ブルペンでの投げ込みを見守るピッチングコーチ。大家のナックルの出力が上がったことを評価していた(写真=内ヶ崎誠之助)


 大家が加入したときのブリッジポートの監督は、80年代に福岡ダイエーホークスで活躍したウィリー・アップショーだった。

「このチームには、日本や韓国でプレーしたがっている選手が大勢いる」と、アップショーは言った。独立リーグとは、アメリカでも日本でも、ここで結果を残し、いつかはここを脱出したい、そう思っている選手の溜まり場だった。

 大家は二つの目標を掲げている。数字として結果を残しながら、ナックルボールの精度を高め、チャンスをうかがう。言葉では簡単そうに聞こえるが、これが非常に難しい。たとえば好投して数字が出たとしても、そこに満足感を見出すことはできない。

「あのまま投げていてもしょうがないんです。僕は次のステップへ行かなければならないんです!」

 実戦でナックルの精度を高めるには、チームの理解が必要だった。とりわけナックルを捕球するキャッチャーとの関係性は非常に大事だった。たとえばランナーを出塁させたとする。球速の緩いナックルは走られやすいという概念から、キャッチャーはナックルを避けて別の球を要求してくる。もし盗塁を許せば、自分の汚点になるからだ。しかし、勝負どころで投げ込まなければいつまでたってもナックルは育たない。だから大家は首を振る。そうは言っても首を振り過ぎてもいけないという気遣いも働く。ナックル以外の球をどのタイミングで挟み込むかは非常に大事なのだ。

 2014年のシーズン、同じアトランティック・リーグ加盟のランカスター・バーンストーマーズに3人の日本選手が所属していた。元ロッテ渡辺俊介阪神日本ハムで活躍した坪井智哉、そしてヤクルトオリックスでプレーした梶本勇介。梶本は、対ブリッジポート戦で大家の投げるナックルボールと対戦している。梶本は早いカウントから打ちにいき、ヒットを打った。

「引きつけてから打ってやろうと思うと、その前に(球が)落ちてしまうので、わざと(ナックルが)曲がる前に打ってやろうと、ポイントを前に持ってきました。それでも先っぽに当たってポテンヒットだったんですけれど。(早いカウントで打つことが多かったのは)追い込まれると(ナックルボールは)ややこしいんで」

 梶本はそれまで大家と3試合対戦している。その日の天候や湿度、風向きによってナックルも微妙に変わってくるのではないか。

「それを考えたら絶対に打てないです。ものすごい揺れ方するもんだと思って打席に立っているので」

 無回転のボールだということは、打者にははっきり見えるのだろうか。

「球は顔ぐらいの高さで入ってきます。

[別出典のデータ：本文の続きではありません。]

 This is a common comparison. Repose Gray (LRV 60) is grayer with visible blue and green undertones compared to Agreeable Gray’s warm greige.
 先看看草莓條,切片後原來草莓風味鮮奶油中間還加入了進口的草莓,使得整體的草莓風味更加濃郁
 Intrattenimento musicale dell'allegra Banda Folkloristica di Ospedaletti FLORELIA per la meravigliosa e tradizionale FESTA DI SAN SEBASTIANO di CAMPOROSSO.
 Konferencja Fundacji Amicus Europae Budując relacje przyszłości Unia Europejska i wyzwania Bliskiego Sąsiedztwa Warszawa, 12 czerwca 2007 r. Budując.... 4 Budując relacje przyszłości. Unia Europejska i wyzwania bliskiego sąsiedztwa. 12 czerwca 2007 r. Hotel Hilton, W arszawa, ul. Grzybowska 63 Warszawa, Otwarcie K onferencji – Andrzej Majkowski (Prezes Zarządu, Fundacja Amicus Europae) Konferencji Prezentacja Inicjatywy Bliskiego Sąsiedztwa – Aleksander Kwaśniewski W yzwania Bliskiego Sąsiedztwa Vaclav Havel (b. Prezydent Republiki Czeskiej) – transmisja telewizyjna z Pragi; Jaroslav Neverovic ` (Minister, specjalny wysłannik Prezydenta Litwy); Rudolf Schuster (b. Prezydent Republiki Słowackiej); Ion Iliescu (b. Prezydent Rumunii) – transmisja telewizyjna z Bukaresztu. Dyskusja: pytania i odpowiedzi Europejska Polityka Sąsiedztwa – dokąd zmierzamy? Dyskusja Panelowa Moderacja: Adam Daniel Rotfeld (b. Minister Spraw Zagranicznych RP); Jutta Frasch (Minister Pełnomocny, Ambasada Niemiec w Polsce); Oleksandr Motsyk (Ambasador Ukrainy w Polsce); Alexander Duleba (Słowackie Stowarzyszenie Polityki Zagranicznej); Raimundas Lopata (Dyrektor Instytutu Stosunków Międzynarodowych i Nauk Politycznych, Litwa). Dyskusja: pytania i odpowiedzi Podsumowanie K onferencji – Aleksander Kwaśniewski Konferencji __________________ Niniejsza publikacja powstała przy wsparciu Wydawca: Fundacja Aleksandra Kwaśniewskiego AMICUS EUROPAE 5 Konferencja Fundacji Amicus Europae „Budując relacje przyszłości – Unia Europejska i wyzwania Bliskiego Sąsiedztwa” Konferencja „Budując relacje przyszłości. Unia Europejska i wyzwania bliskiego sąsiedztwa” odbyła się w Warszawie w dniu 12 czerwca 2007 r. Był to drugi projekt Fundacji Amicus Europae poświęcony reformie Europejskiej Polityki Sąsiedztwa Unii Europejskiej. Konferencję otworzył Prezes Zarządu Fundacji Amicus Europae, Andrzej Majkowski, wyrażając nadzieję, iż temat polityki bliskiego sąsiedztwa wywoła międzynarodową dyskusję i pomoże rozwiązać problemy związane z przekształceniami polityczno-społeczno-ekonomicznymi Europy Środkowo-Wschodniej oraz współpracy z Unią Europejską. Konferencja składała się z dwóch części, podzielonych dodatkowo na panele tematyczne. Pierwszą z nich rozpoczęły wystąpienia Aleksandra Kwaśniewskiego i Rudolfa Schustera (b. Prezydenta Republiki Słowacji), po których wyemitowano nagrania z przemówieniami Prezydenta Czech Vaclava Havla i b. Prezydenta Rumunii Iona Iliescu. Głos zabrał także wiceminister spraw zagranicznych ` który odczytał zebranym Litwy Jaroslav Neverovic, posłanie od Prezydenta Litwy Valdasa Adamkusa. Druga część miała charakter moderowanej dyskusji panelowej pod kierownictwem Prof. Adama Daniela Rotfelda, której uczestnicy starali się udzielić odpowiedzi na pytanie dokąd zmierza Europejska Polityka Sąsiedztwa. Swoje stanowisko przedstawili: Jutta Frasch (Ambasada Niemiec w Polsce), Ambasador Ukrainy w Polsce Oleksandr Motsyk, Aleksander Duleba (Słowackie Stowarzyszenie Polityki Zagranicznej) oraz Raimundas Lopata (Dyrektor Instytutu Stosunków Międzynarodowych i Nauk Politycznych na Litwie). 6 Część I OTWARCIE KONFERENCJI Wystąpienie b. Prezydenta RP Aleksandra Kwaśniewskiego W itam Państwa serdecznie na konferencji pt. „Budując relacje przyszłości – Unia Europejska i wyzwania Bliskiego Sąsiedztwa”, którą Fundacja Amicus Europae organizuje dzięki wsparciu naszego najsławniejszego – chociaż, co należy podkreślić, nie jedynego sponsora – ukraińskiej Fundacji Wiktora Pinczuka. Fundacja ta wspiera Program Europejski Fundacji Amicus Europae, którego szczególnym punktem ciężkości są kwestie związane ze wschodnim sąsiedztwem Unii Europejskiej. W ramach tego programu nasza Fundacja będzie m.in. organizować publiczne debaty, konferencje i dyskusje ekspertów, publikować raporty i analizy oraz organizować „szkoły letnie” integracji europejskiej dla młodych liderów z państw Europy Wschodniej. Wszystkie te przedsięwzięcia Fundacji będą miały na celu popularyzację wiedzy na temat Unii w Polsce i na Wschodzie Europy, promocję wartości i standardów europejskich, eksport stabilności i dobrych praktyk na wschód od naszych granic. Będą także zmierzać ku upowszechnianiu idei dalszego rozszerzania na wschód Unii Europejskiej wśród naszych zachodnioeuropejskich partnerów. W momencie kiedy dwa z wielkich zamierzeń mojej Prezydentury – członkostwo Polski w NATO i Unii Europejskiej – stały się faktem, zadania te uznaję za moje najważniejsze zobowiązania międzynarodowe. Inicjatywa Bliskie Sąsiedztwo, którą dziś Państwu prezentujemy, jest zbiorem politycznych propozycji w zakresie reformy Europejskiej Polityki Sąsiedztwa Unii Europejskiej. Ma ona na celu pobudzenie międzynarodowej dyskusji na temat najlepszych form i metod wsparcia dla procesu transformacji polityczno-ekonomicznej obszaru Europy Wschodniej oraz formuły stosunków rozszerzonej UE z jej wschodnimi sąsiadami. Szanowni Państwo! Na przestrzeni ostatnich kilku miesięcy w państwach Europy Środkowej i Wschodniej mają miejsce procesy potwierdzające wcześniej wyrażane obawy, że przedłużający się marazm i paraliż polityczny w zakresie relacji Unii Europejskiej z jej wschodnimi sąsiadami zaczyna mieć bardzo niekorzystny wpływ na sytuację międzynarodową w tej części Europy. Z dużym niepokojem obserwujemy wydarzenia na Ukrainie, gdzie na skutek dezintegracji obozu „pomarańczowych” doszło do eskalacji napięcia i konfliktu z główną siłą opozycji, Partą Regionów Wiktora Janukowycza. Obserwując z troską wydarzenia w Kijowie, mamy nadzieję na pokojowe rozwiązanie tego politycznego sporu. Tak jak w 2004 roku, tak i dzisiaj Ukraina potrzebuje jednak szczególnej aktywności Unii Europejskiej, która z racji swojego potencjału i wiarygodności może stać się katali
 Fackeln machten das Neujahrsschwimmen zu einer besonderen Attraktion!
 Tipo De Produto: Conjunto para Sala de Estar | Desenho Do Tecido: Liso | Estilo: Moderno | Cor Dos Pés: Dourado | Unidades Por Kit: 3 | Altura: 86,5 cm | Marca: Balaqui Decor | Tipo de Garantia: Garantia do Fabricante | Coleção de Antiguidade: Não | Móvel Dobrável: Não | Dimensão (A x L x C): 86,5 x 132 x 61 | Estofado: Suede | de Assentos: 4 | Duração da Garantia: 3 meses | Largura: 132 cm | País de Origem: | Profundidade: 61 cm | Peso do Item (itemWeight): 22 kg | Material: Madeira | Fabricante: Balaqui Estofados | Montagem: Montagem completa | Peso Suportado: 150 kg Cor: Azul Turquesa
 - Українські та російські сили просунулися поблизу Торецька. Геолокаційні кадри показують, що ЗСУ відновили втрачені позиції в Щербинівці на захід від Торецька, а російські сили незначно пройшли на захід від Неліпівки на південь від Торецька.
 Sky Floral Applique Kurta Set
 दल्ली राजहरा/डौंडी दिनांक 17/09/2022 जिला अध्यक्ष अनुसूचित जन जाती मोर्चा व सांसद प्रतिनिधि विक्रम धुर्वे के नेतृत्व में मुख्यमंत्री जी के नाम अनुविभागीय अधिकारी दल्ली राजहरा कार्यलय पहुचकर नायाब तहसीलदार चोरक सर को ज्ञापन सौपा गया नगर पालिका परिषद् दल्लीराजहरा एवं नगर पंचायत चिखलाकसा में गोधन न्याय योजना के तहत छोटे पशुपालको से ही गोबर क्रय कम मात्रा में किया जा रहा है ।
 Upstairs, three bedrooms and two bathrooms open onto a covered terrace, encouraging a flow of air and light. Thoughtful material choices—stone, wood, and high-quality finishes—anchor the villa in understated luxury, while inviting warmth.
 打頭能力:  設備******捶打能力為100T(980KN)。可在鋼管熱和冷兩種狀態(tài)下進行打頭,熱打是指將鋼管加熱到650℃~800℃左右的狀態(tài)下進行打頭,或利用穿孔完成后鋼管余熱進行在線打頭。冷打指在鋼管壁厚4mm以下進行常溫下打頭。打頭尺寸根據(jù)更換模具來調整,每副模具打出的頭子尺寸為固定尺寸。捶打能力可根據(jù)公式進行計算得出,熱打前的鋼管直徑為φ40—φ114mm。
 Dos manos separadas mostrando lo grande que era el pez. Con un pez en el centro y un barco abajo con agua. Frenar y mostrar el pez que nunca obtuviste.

それからストンと落ちて、ミットに収まるときにはストライクゾーンに入っていますから」

 このころ、大家の投げ込むナックルボールは次の段階に入っていた。それまでは無回転ボールをただ放り込むだけだった印象が、ピッチングとしてちゃんと成立するようになったのだ。ディッキーの投げ込むナックルは他のナックルボーラーと比べておよそ10マイルも速く、鋭い。大家も速いナックルを目指して練習を重ねると、ある日、2本の指でボールを押し出す絶妙な感覚を得たのだ。最後まで指を残す感覚。すると放物線が変わった。それまでふわっとした弧を描き、ポトンと落ちていた軌道が、ホームプレートまでひたすら伸びていくような直線的な軌道へと進化したのだ。落下を描くナックルは打たれる。理想は手元で上へホップする感じだ。ナックルボールの表現として、まるでシャボン玉のように浮き上がると言われることがある。大家の球もようやくその域にたどり着いた。まるでシャボン玉のように浮き上がり、打者のバットが空を切るようになったのだ。

 そして、彼は目指した。ディッキーの言っていた「あえて高めに投げ込むナックル」を。ナックルボーラーならばそこを目指さなければならなかった。打者のバットが空を切る。三振の山を重ねてこそ、ナックルボーラーなのである。